***** Data

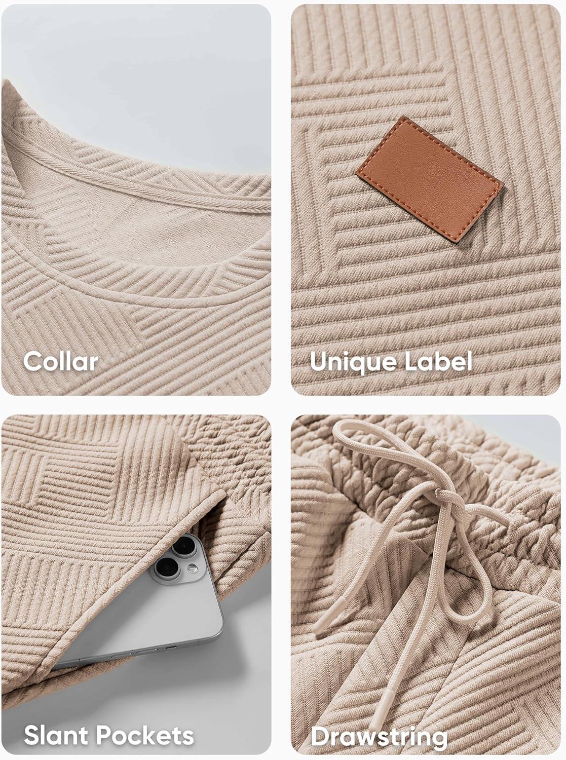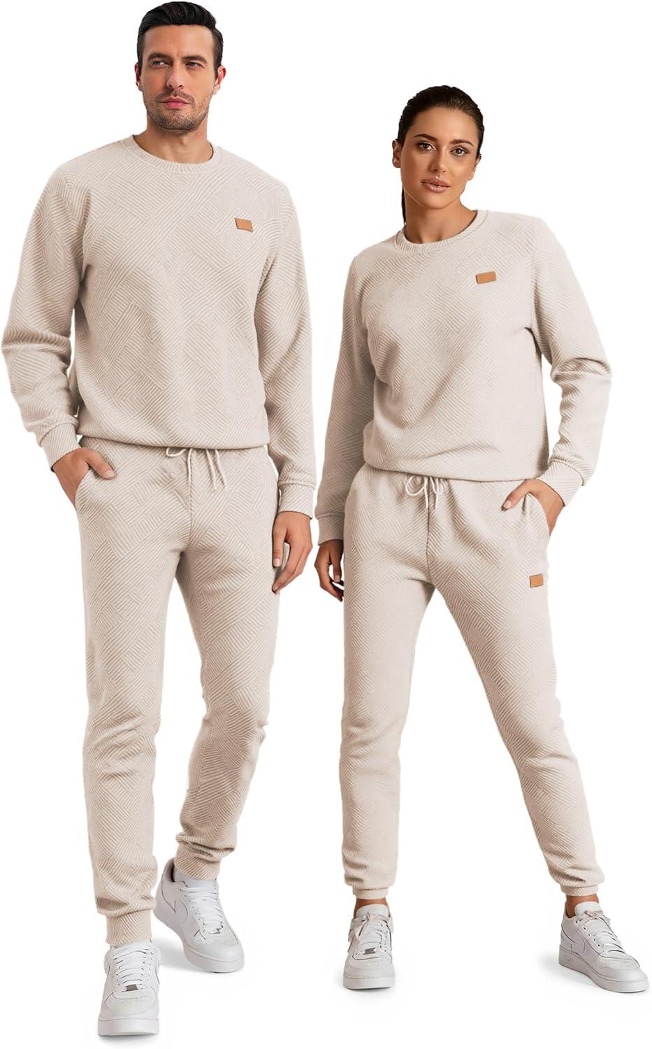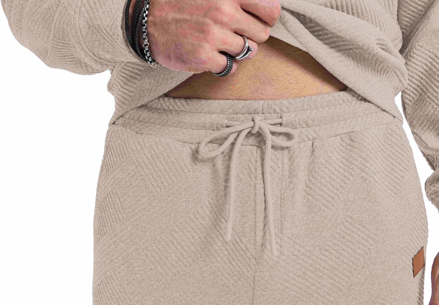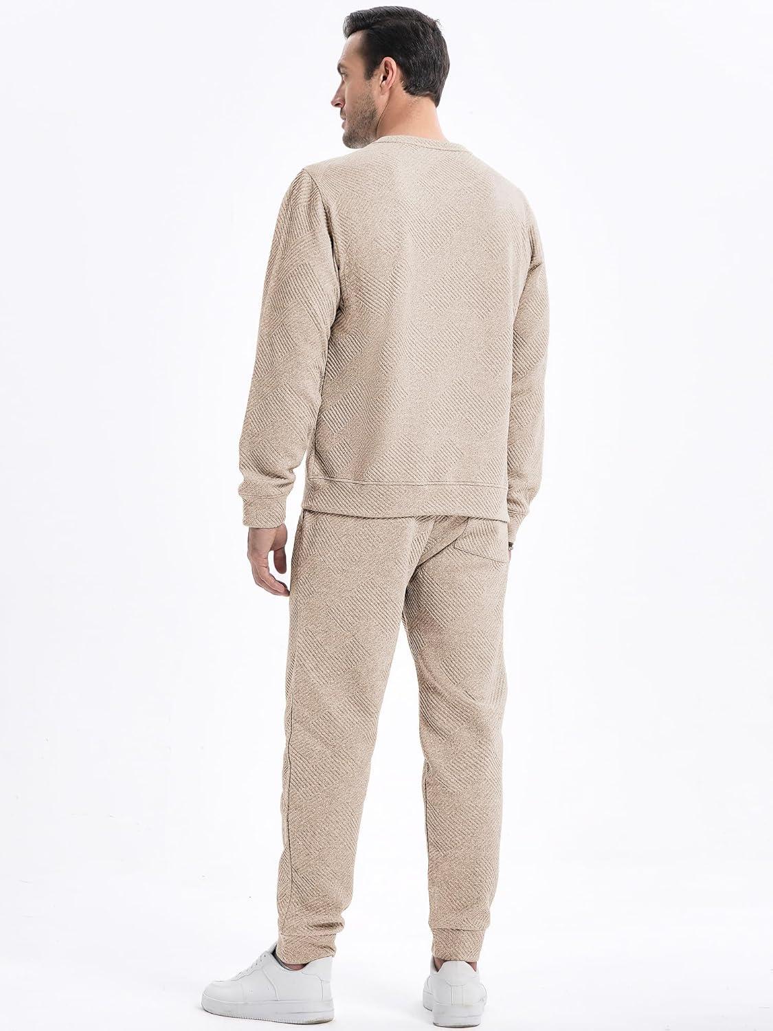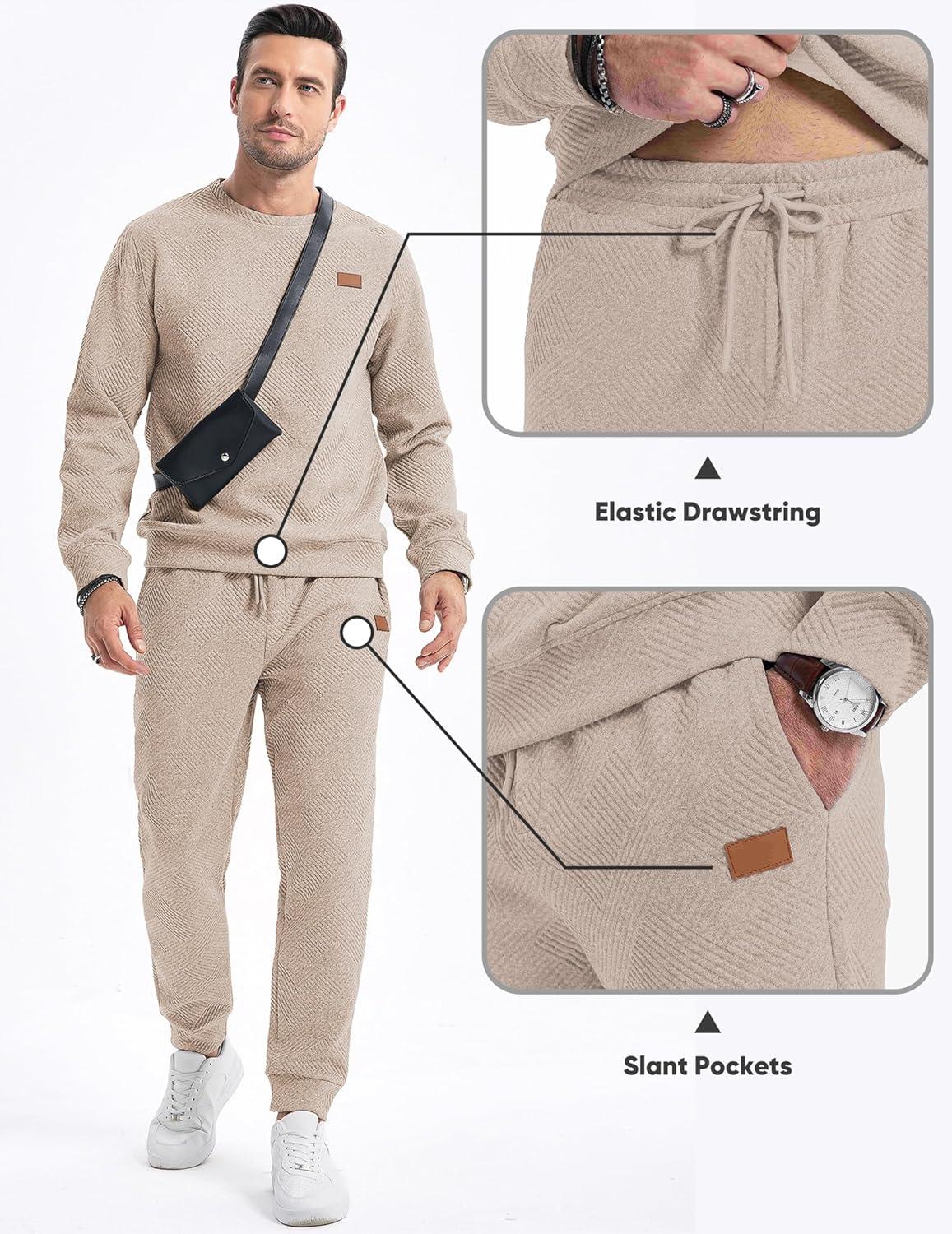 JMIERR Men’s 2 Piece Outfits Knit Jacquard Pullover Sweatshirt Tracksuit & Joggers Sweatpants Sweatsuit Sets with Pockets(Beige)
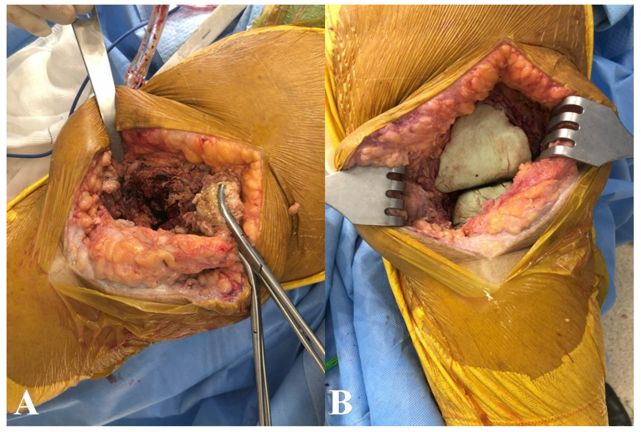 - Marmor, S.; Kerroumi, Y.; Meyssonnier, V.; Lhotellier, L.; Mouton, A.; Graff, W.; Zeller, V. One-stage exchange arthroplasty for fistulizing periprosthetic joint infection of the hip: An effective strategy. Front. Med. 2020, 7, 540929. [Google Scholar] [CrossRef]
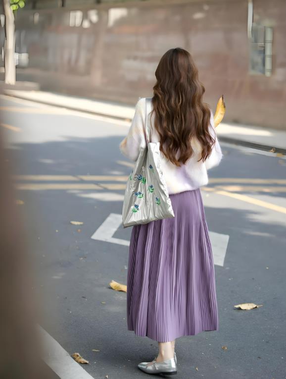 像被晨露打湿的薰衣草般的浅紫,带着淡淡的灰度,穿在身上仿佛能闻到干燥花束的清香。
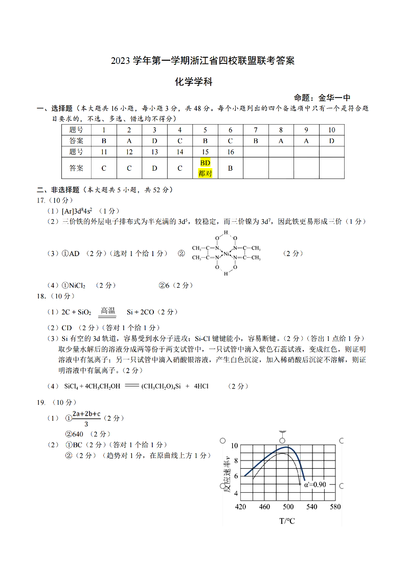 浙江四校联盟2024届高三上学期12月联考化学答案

**********

Your copy must consist solely of the lines from the one containing "- Marmor, S.;" through the final line of the material above, transcribed exactly, with the pictures left out.

• [Answer box]:
 - Marmor, S.; Kerroumi, Y.; Meyssonnier, V.; Lhotellier, L.; Mouton, A.; Graff, W.; Zeller, V. One-stage exchange arthroplasty for fistulizing periprosthetic joint infection of the hip: An effective strategy. Front. Med. 2020, 7, 540929. [Google Scholar] [CrossRef]
 像被晨露打湿的薰衣草般的浅紫,带着淡淡的灰度,穿在身上仿佛能闻到干燥花束的清香。
 浙江四校联盟2024届高三上学期12月联考化学答案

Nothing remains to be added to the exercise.